How to answer that?  I think I managed a strangled,  “Sometimes,” before changing the subject.  I may have even offered the questioning child some chocolate to derail that line of questioning.  My older son had also asked the questions around age four,  soon after his younger brother was born.  During pregnancy, he absorbed all the details about sperm, eggs, fetuses, umbilical cords, and the like, with the particulars of conception unmentioned (again, don’t ask, don’t tell).  In the drop-off line to Montessori, he sprung the Big Question:  “But how does the daddy get the sperm to the mom’s egg?” 

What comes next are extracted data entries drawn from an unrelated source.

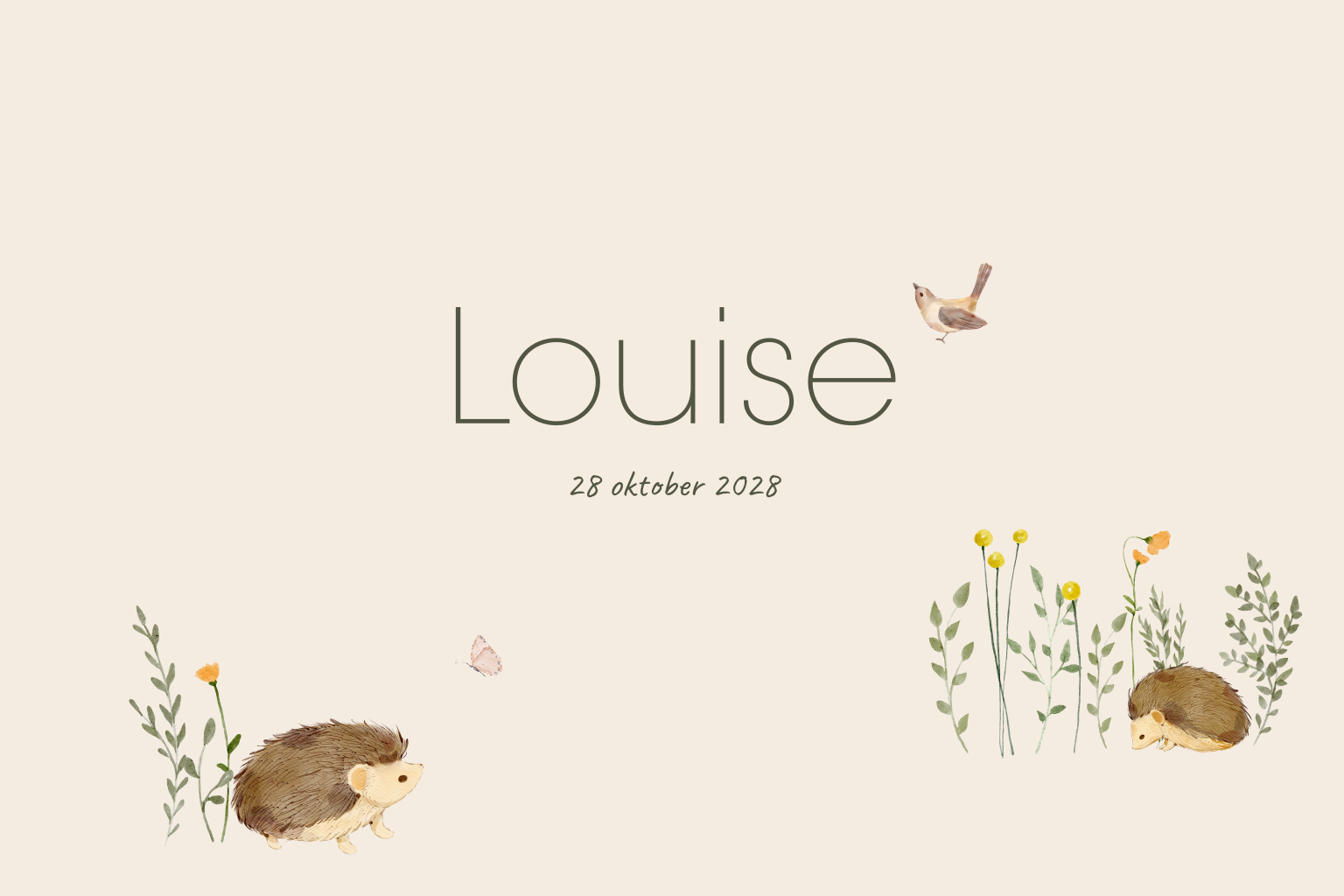 Lief neutraal geboortekaartje met egeltjes, bloemetjes, takjes en vlindertjes. Pas het kaartje naar wens aan in de online editor!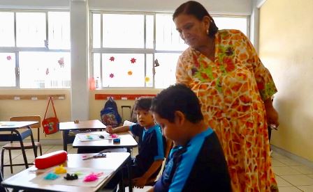 “Ser docente es una constante motivación, actualización, puesta en práctica del conocimiento, y sobre todo, un constante aprendizaje de las niñas y niños”, afirmó la maestra María Guadalupe Villagómez, quien tiene cinco décadas al servicio del sistema educativo.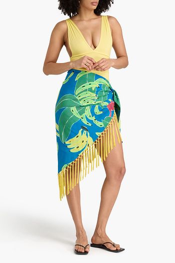 Tasseled printed twill pareo
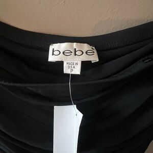 NWT BEBE Black Side Ruching Strapless Midi Dress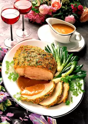 Mix mustard, egg, breadcrumbs and chervil. Spread on the roast for the last 1/4 hour. For the vegetables, clean and wash the spring onions. Blanch in broth for about 5 minutes, drain.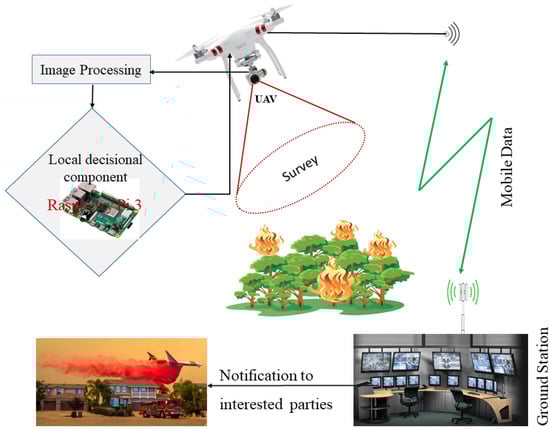 For humans, forests provide a variety of wealth and play an essential role in living. Forests are also considered our planet’s lungs; they filter the air by adding oxygen (O) and lowering carbon dioxide (CO) levels. Additionally, they purify the water from the majority of pollution-causing agents. Over the last few years, forest fires are becoming a kind of natural tragedy for the forest lands and wild habitats and severely affecting the ecosystem. In 2018, a forest fire in California destroyed over 150,000 acres, leaving 85 people dead and about 1000 people missing [1]. Wildfire outbreaks occurred in eastern Australia, in New South Wales and Victoria, in September 2019. The fires continued for over five months, destroying 5.8 million hectares of forest, and killing nearly 3 billion animals, and at least 23 people [2]. According to statistics from the European Forest Fire Information System [3,4,5], fires destroyed 4260 hectares of forest land in Spain, more than 150,000 in Italy, and 93,600 in Greece, in 2021. These occurrences resulted in the death of people and animals and significant damage to the environmental and financial infrastructures. Hence, the time spent detecting accurate sources of wildfire after ignition and alerting related agencies and officers is vital. It can help extinguish fires quickly and reduce, or even avoid altogether, the loss of forest resources.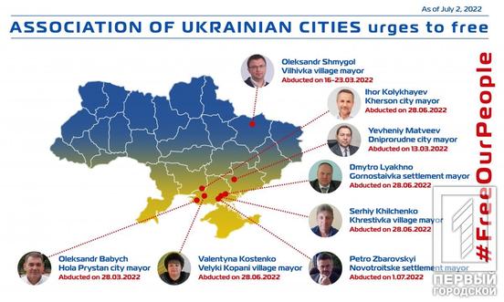 По состоянию на 2 июля в плену военных России находятся восемь городских, сельских и поселковых голов, в частности: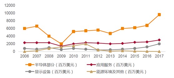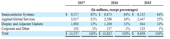 2017财年,公司营收分布主要集中在半导体,全球应用和显示市场,分别为:半导体设备(65%),全球应用服务(21%)和显示相关市场(13%)。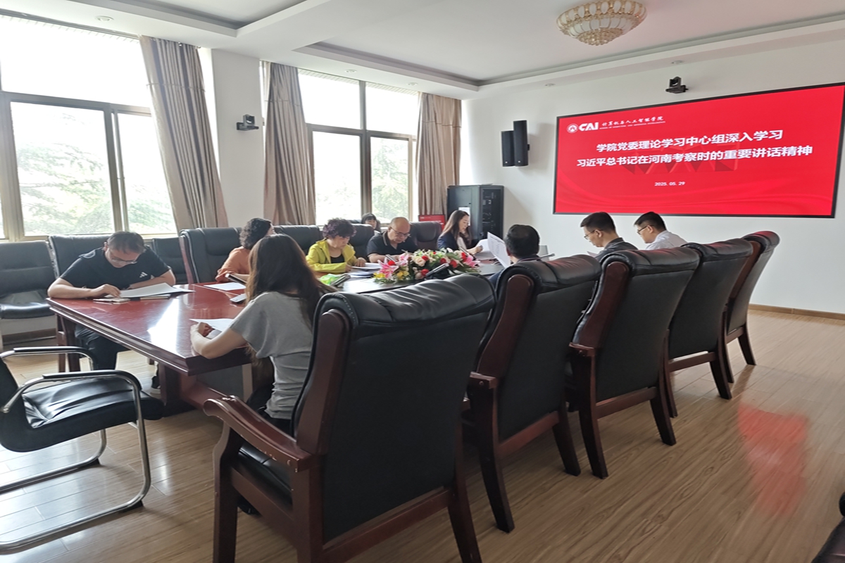 党委理论学习中心组在燕山校区举行专题学习,深入学习习近平总书记在河南考察时的重要讲话精神。党委书记杨春丽主持学习,院长刘慧等中心组成员参加会议。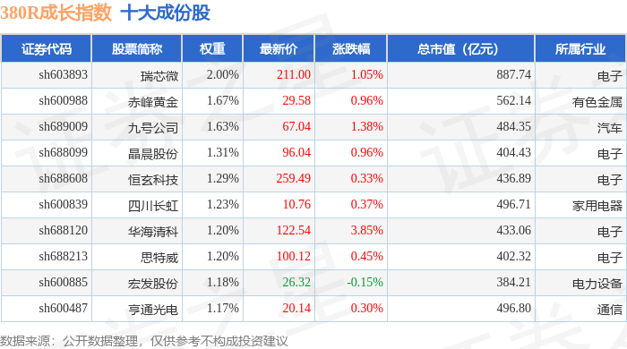 证券之星消息,9月16日,380R成长(000119)指数报收于4299.15点,涨1.02%,成交1709.75亿元,换手率2.11%。当日该指数成份股中,上涨的有154家,长飞光纤以10.01%的涨幅领涨,下跌的有124家,杭可科技以6.53%的跌幅领跌。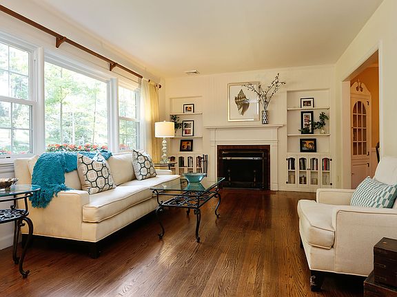 Classic Ranch in Sought-After Neighborhood is minutes from village, train & schools. Open floor plan with gleaming hardwood floors thru out! NEW Windows & Central AC. Built-In bookcases & corner hutch. First floor Master Suite, plus 2 large bedrooms. SUNNY, newly renovated, spacious walk out basement with kitchenette is ideal for home office, mother-in-law suite or entertaining. Beautifully landscaped flat back yard & patio with stone retaining walls. Enjoy space & privacy on side yard with custom fire pit & swing set. Taxes do not include STAR exemption of $1,662.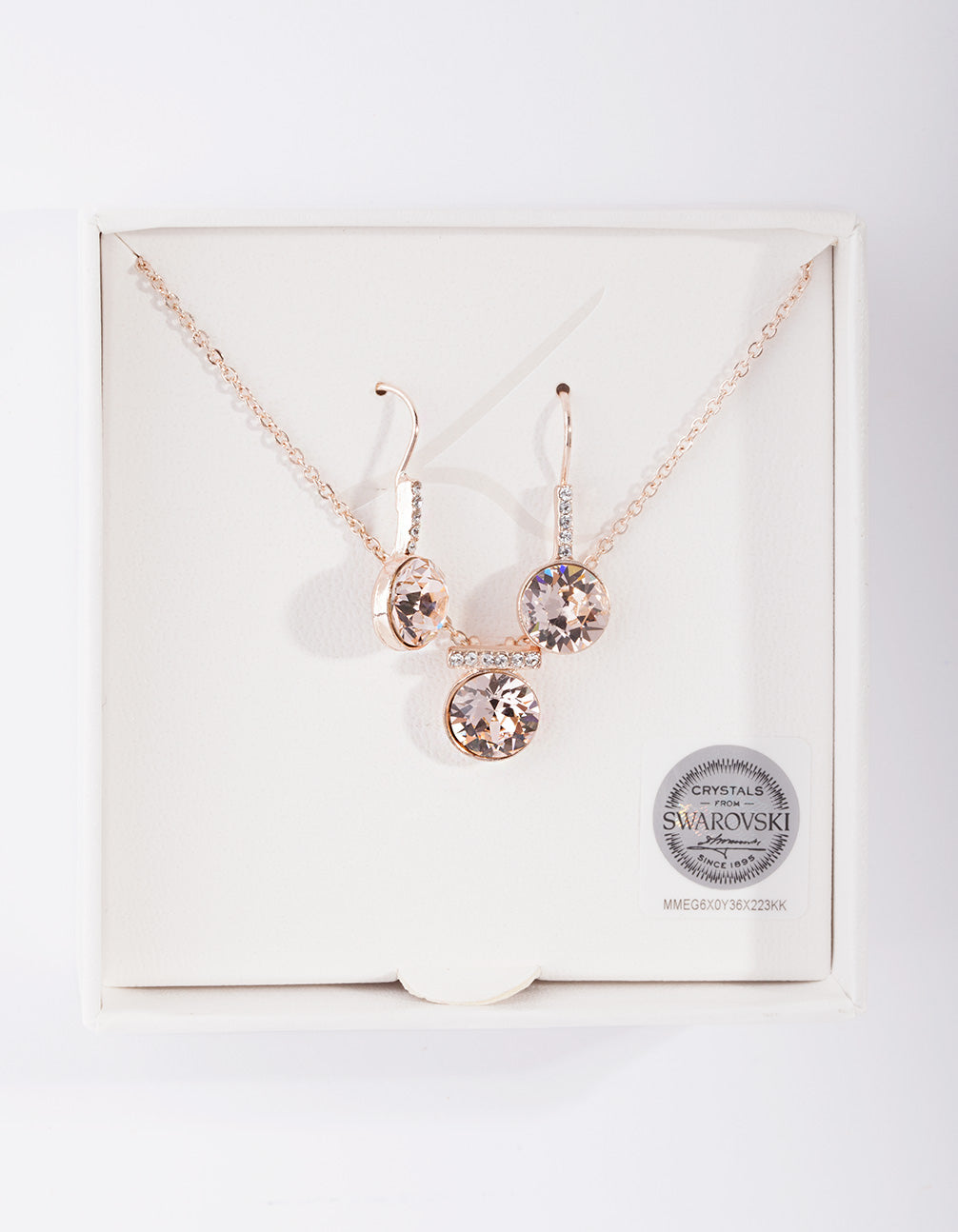 Pretty in pink! This lovely set is rose-gold toned, and features a pendant necklace with matching drop earrings. The stones included are diamond simulants: crystals cut to closely replicate true diamonds. Wear this set and shine!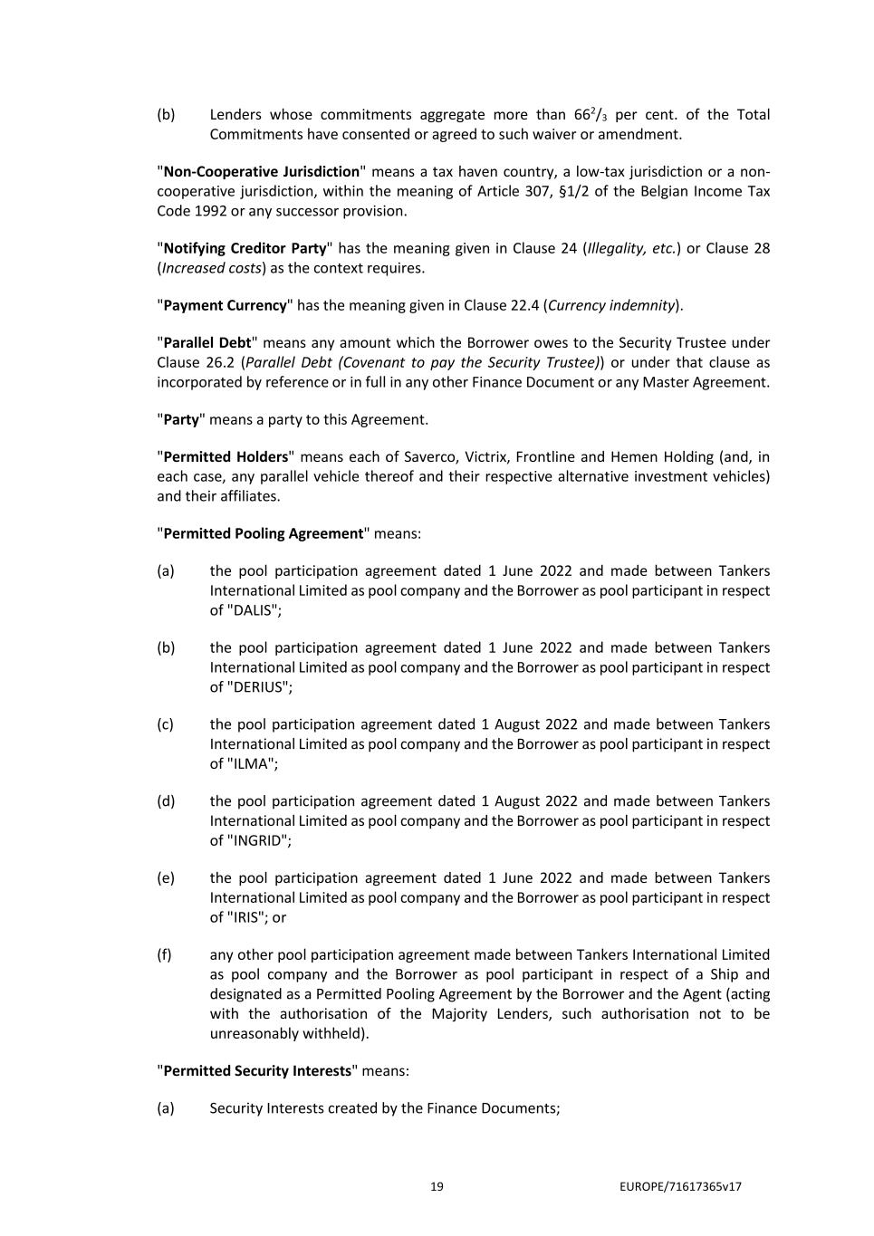 19 EUROPE/71617365v17 (b) Lenders whose commitments aggregate more than 662/3 per cent. of the Total Commitments have consented or agreed to such waiver or amendment. "Non-Cooperative Jurisdiction" means a tax haven country, a low-tax jurisdiction or a non- cooperative jurisdiction, within the meaning of Article 307, §1/2 of the Belgian Income Tax Code 1992 or any successor provision. "Notifying Creditor Party" has the meaning given in Clause 24 (Illegality, etc.) or Clause 28 (Increased costs) as the context requires. "Payment Currency" has the meaning given in Clause 22.4 (Currency indemnity). "Parallel Debt" means any amount which the Borrower owes to the Security Trustee under Clause 26.2 (Parallel Debt (Covenant to pay the Security Trustee)) or under that clause as incorporated by reference or in full in any other Finance Document or any Master Agreement. "Party" means a party to this Agreement. "Permitted Holders" means each of Saverco, Victrix, Frontline and Hemen Holding (and, in each case, any parallel vehicle thereof and their respective alternative investment vehicles) and their affiliates. "Permitted Pooling Agreement" means: (a) the pool participation agreement dated 1 June 2022 and made between Tankers International Limited as pool company and the Borrower as pool participant in respect of "DALIS"; (b) the pool participation agreement dated 1 June 2022 and made between Tankers International Limited as pool company and the Borrower as pool participant in respect of "DERIUS"; (c) the pool participation agreement dated 1 August 2022 and made between Tankers International Limited as pool company and the Borrower as pool participant in respect of "ILMA"; (d) the pool participation agreement dated 1 August 2022 and made between Tankers International Limited as pool company and the Borrower as pool participant in respect of "INGRID"; (e) the pool participation agreement dated 1 June 2022 and made between Tankers International Limited as pool company and the Borrower as pool participant in respect of "IRIS"; or (f) any other pool participation agreement made between Tankers International Limited as pool company and the Borrower as pool participant in respect of a Ship and designated as a Permitted Pooling Agreement by the Borrower and the Agent (acting with the authorisation of the Majority Lenders, such authorisation not to be unreasonably withheld). "Permitted Security Interests" means: (a) Security Interests created by the Finance Documents;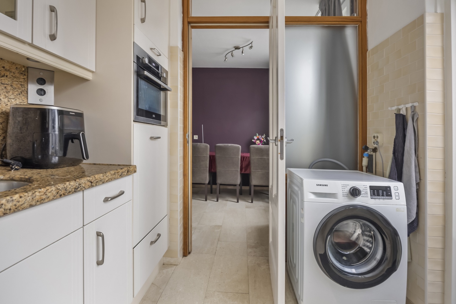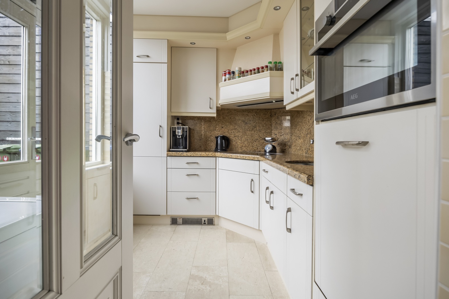 De keuken van ca. 7,4 m² is gelegen aan de achterzijde van de woning en beschikt over een deur naar de tuin. De hoekopgestelde keuken is uitgevoerd met lichte fronten en een marmeren werkblad. Daarnaast is de keuken voorzien van de benodigde inbouwapparatuur, waaronder een inductiekookplaat met afzuigkap in schouw, een combi-oven, koelkast en vaatwasser. Ook bevindt zich hier de aansluiting voor de wasmachine.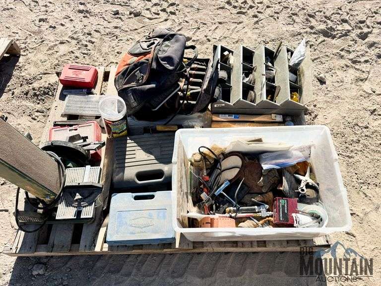Pallet: Central Machinery Belt & Disc Sander, Electric Solder Gun, Caliper, Tote w/Misc Leather Working Tools, Bits, Bag w/Misc Screw Drivers, Rivet Gun, Etc.

We were two cars from the front of the drop-off line.  I gave a quick one-liner of the mechanics to which my older exclaimed, “Gross,” and hopped out of the car and ran into school.  The topic didn’t come up for two more years.  Again, I gave the same one-liner and received the same reply.  By the time he turned eight, his father and I’d discussed the process in more depth with him, and that was the questions stopped.  Fast forward to age 12, mitosis and meiosis long since covered but the reproductive system waiting for study (no lab).  The time had come for a refresher, so after assigning the reproduction chapter in Campbell’s Concepts and Connections and while I had him trapped (without his brother) on a long car ride, I reviewed the basics of conception and puberty.  His visible interest was zilch, but I was determined to at least get the science end discussed.  

My younger’s yet to endure an intentional facts of life lecture.  His curiosity about the natural world leads us into many discussions about sexual and asexual reproduction, or, in the vernacular, who does what and how.  Fostering cats brought more books into the house, meaning more chapters on reproduction and development.  Inquiries about the fathers of the mother/kitten groupings we had were a bit uncomfortable, since they coincided with my divorce.  That was my baggage and not his, but the absence of the father cat tripped me up more than the anatomy and physiology of cat mating. 

Enter In the Womb: Animals.  Never mind the birds and the bees.  This video took us through mating, conception, in utero development, and birth of an elephant, dolphin, and dog.   We were both riveted.  While I knew that, as early embryos, we all look pretty much alike, I had no concept of the, ahem, procedural variations that led to the embryo.  The timing of mating and ovulation, which I understand fully in the human, is entirely different in other animals, where mating can actually induce ovulation.  (Those of you with years of furry pet experience and rural living background may be laughing at my naiveté.  Go ahead, giggle at the city girl.)  Birth, however, is remarkably similar across the mammals.  Nesting behavior, visible discomfort (or, in my experience, pain),  and, finally, new life.  It amazes me every time.  

And then there was the placenta.  My younger guy knew mammal moms generally eat the membranes and placenta after the birth, an instinct that provides oxytocin to the mom.  That oxytocin helps the uterus contract, which decreases bleeding, causes let-down in nursing mothers, and increases bonding.  Any mom who remembers that relaxation associated with breastfeeding a baby can thank oxytocin.  Although controversial in some circles, most moms giving birth in hospitals receive a dose of Pitocin (synthetic oxytocin) after delivery to increase uterine contractions and decrease bleeding.  I received it after both births. 

But, as I told my younger, I never ate my placenta.  I was ready to launch into information about placental uses and disposal (we have friends who have planted them under trees, and a bit of internet research turns up other endpoints for this essential part), but he was done with placenta and back to the miracle of puppy birth.  And since he didn’t ask more, I didn’t tell.